No, Llamas Aren't Going to Save You From the Flu—at Least Not Today

You may have seen some stories in the news recently about how llamas are going to save us all from the flu–and immediately pictured the fuzzy, hooved creatures dressed in lab coats dolling out flu shots to human patients (or wait, is that just me?).

What really happened, according to a study published this week in Science, is that scientists developed a nasal spray derived from llama antibodies, which seem to guard against influenza more effectively than our own human antibodies can.

Next, they gave that nasal spray to mice, and then infected the mice with lethal strains of the flu. All of the mice that had gotten high doses of the spray survived, while those that received a placebo all died. In reviewing the research, one virologist told the BBC that this discovery could be the “Holy Grail” of influenza prevention.

But before you start looking for this llama-inspired miracle drug on pharmacy shelves, there are a few things we should get straight. Here’s a closer look at the science behind the headlines, and what it really means for this flu season.

What are antibodies?

The key to this new discovery is antibodies. These are proteins produced by the body when the immune system recognizes something foreign, like a bacteria or virus, in the blood.

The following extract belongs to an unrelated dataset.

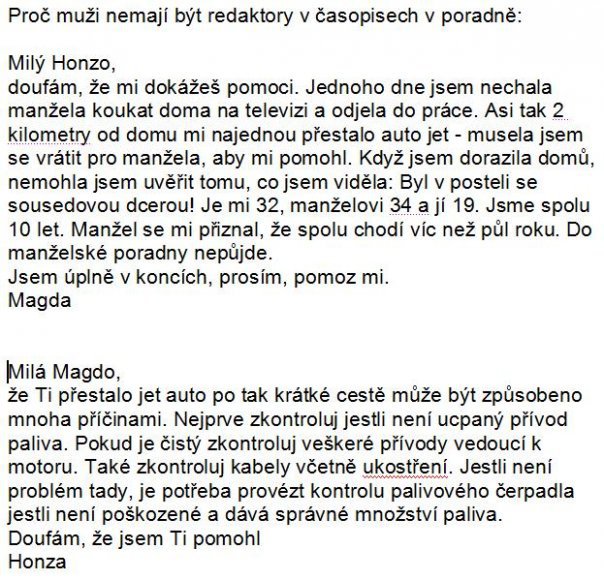 | A co jako? Lépe jí poradit nemohl když ani pořádně nenapsala jak se ta závada začala projevovat, tře… manas 01.04.2011 10:25 |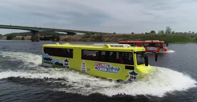 국내에서는 보기 드문 수륙양용버스는 백제문화단지에서 출발해 천정대 일대 도로를 달린 후, 백마강 레저파크를 통해 물 위로 진입하는 방식으로 운영된다. 육지에서 물길로, 도로에서 강으로 자연스럽게 이어지는 짜릿한 전환이 큰 매력이다.

It’s the antibodies’ job to counteract, or neutralize, that foreign object, which prevents the host from becoming sick. That’s how vaccines work: They cause the body to build up antibodies to a specific virus or bacterium, which hopefully provide immunity when a person is exposed to that pathogen weeks, months, or even years later.

Why are llamas so important?

Human antibodies are relatively large and Y-shaped, and they target a part of the influenza virus that tends to change rapidly as it mutates into different strains. That’s one reason our existing flu vaccines don’t work that well, Popular Science reports: As the virus mutates, it becomes less recognizable to our antibodies.

But the antibodies produced by llamas—and their relatives like camels and alpacas—are different. They’re smaller and straighter, and can target parts of viruses that human antibodies physically can’t reach. (For this reason, llama antibodies have shown promise in other areas of research, as well.)

For this study, researchers gave llamas a flu vaccine and then extracted four different antibodies produced in their blood—two that targeted influenza A and two that targeted influenza B. Then they “tethered” those four proteins together to make a kind of super-antibody, which test-tube studies showed were effective at preventing 60 different flu strains.

“These multi-specific antibodies were able to broadly protect against influenza A and B viruses,” Ian Wilson, a structural biologist at the Scripps Research Institute in San Diego and co-author of the new study, tells Health.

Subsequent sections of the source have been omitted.